サスペンス色は強いものの、正統派のミステリーとして楽しめる作品がようやく登場した印象だ。

「やさしい恋人へ僕から」
同人活動をしている大学生の"僕"と、ファンのスバルの交流。
ミステリアスなスバルの正体は、という展開に進むと見せかけた大胆な仕掛けが効いていて、最後の一行でひっくり返す。
これについては、90年代のオタク文化ということで、早々にトリックは見抜けたのだけれど、確証がないだけにドキドキは最後まで継続。

「ミステリィ対戦の前夜 」
西之園萌絵が遂に登場。

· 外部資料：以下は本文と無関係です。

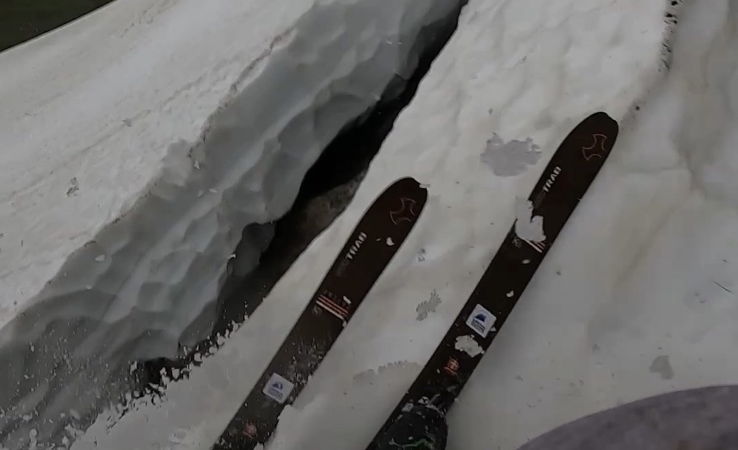 Film: Här åker den norska skidåkaren ned i sprickan
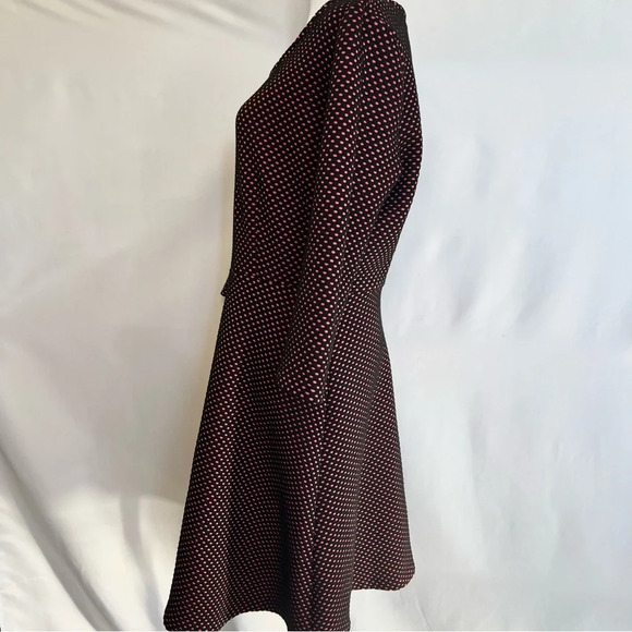 NY Collection A Line Polka Dot Dress Black Pink 3/4 Sleeve Back Zip Size Medium
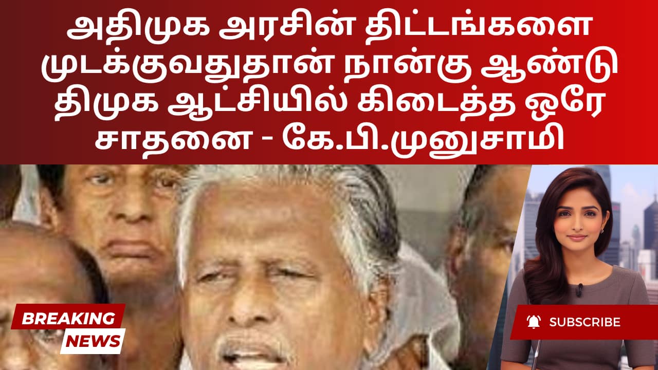 அதிமுக துணைப் பொதுச் செயலாளர் கே பி முனுசாமி ஞாயிற்றுக்கிழமை திமுக அரசை விமர்சித்தார். முந்தைய அதிமுக ஆட்சியின் போது தொடங்கப்பட்ட பல நலத்திட்டங்களை திமுக அரசு நிறுத்திவிட்டதாக அவர் குற்றம் சாட்டினார். ஊடகங்களுக்கு பேட்டியளித்த அவர், தமிழகம் முழுவதும் உள்கட்டமைப்பு மற்றும் வாழ்வாதாரத்தை மேம்படுத்துவதற்காக வடிவமைக்கப்பட்ட நன்மை பயக்கும் திட்டங்கள் செயலற்ற தன்மையாலும், முடக்கப்பட்டதாலும் திமுகவின் நான்கு ஆண்டு பதவிக்காலம் குறிக்கப்பட்டுள்ளது என்று குற்றம் சாட்டினார்.
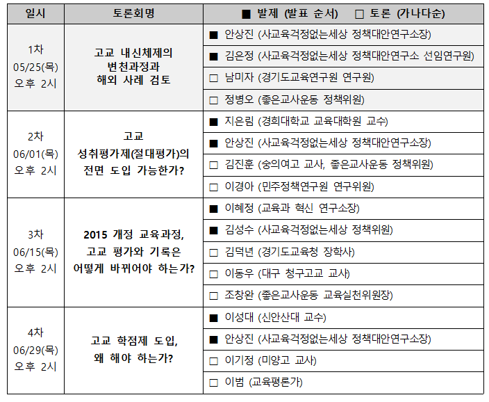 5. 25(목), 고교 내신체제의 변천 과정과 해외 사례를 살펴보는 첫 토론회를 개최합니다.
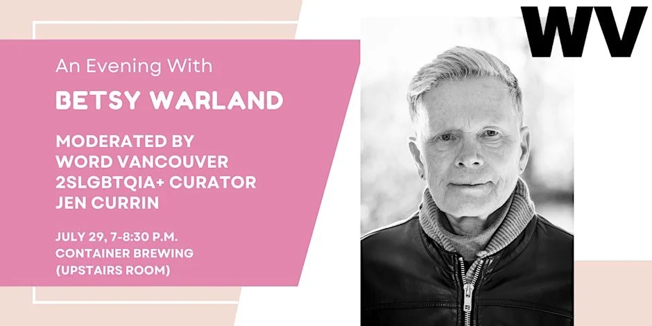 Join queer writer Betsy Warland for an intimate evening of reading & discussion, moderated by Word Vancouver LGBTQ2S+ curator Jen Currin.

ミステリィ研究会の部長・岡部に召集され、メンバーの品評会に参加した彼女だが、殺人事件に巻き込まれる。
"読者が犯人"というアイディアから膨らませて出来た作品と思われ、ミステリィ研究会の岡部と、萌絵のキャラクターが出来上がっているこそ成り立つ設定というのが絶妙。
S&Mシリーズのスピンオフにしなければ、この仕掛けは成立しなかっただろう。

「 誰もいなくなった」
作風としては、こちらのほうが正統派のS&Mシリーズの流れ。
ミステリィ研究会が主催したミステリィツアーに、ヨーコとフカシも参加。
参加者らは、屋上で3人の死体のそばで踊る30人のインディアンを目撃するが、近くにいたはずの見張り役は、誰も出入りしていない、と証言する。
ともすれば長編のトリックに用いても良さそうなアイディアだが、その状況を必然的に作り出すのは難しい。
ミステリィツアーというのも力業だが、短編だからこそとしておこう。

「何をするためにきたのか」
淡々と平凡に学生生活を送るフガクは、その存在意義に悩みながらも色々な人物と出会っていく。
これは解釈に迷うところなのだが、RPGのお約束の不自然さをリアルに置き換えることで可視化したシニカルな切り口ということでよいのかな。
人生は誰かがプログラムしたものだ、というメッセージまで受け取るべきだったりして。

「悩める刑事」
毎日夫の仕事の話を聞きたがる推理小説マニアのキヨノ。
しかし、夫のモリオは事件を扱う仕事は向いていないと考えていて、辞表を出してしまう。
この夫婦はどうなっていくのだろうか、といったところからのどんでん返し。
伏線がしっかり機能していて、もやもやが晴れる読後感も良し。

「心の法則」
モビカ氏に、彼の姉を紹介された男。
モザイクアートが趣味の彼女は、石を集める癖があった。
実験作というのか、問題作というのか。
夢の世界が入ってくるうえに、主観が安定しないため、非常に難解な作品。
ホラーにも通じるテイストがあり、得体の知れない不気味さに襲われる。

「キシマ先生の静かな生活」
研究者としての憧れと現実のメタファー。
ミステリィの要素はなく、当時の理系人間にとってのリアリティと向き合いつつ、淡々と心情を描写する純文学的な趣向も帯びている。
後に長編化している人気作でもあるが、ラストシーンでは不穏な描写もあって、やたら尾を引く余韻となっている。